EU tax information exchange framework will be "strengthened", Commissioner says


The European Commission plans to strengthen existing rules allowing for the automatic exchange of financial information between EU member states in an attempt to tackle tax evasion, its Tax Commissioner has announced.

In a speech in Brussels, Algirdas Šemeta said that "community" action was needed to stop "fraudsters and evaders" abusing the Single Market for the purposes of avoiding tax. He said that the Commission would propose stronger measures "shortly".

"Up to now, I'm afraid that the appetite for full and unreserved coordination has been lacking amongst the Member States," he said. "And as a result, fraudsters and evaders have been able to use our Single Market as a playground for their activities. Moreover, Member States' inclination to put national tactics before the EU approach has diminished our collective impact on the international stage."

"We should not forget that the EU is a global forerunner in tax good governance. We've been ahead of the crowd on issues like automatic exchange of information and fair tax competition, so it is really a pity that we lacked the strong and coordinated stance to push these standards more forcefully at global level. This has to change – and I believe that it will," he said.

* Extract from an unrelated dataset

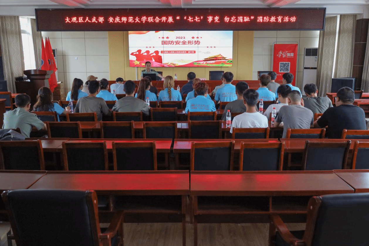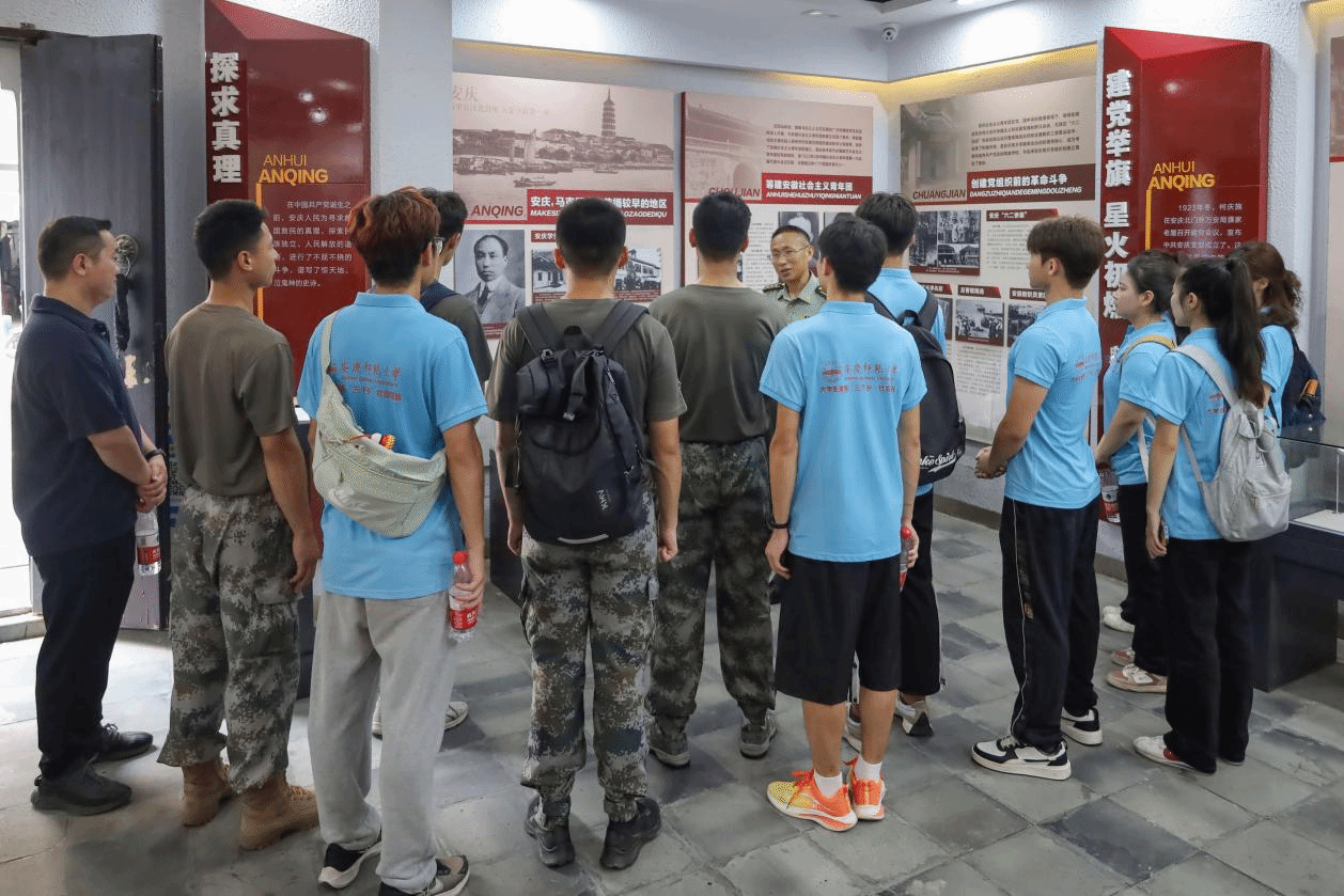 此次活动分为参观中共安庆建党会议旧址陈列馆、参与国防教育讲座以及退役复学学生分享军旅经历三个环节,大观区人武部上校部长陈洪涛、上校政委聂竹青出席指导活动。

In his speech, Šemeta said that he "very much supported" the recent pilot information exchange created by five member states. The arrangement could "accelerate our collective move towards more automatic exchange of information and greater transparency", he said.

In April, the UK, France, Germany, Italy and Spain agreed to automatically exchange the same information between themselves as with the US as part of their compliance with the Foreign Accounts Tax Compliance Act (FATCA). This information includes names, addresses and dates of birth; account numbers and balances and details of payments made into those accounts. It also includes information on certain accounts held by entities, such as offshore trusts. All UK overseas territories with significant financial centres have also agreed to join the pilot.

In an interview with the Financial Times before the speech, Šemeta said that member states that have traditionally resisted calls to share financial information were "gradually moving into positive direction". He said that he was "confident" that Austria and Luxembourg would not block attempts to strengthen information exchange rules.

The Austrian Government has said that it is open to the exchange of data concerning non-resident taxpayers, including trusts and other offshore companies. Last month, Luxembourg announced that it would allow the automatic exchange of information currently required under the EU Savings Directive with other member states from 1 January 2015.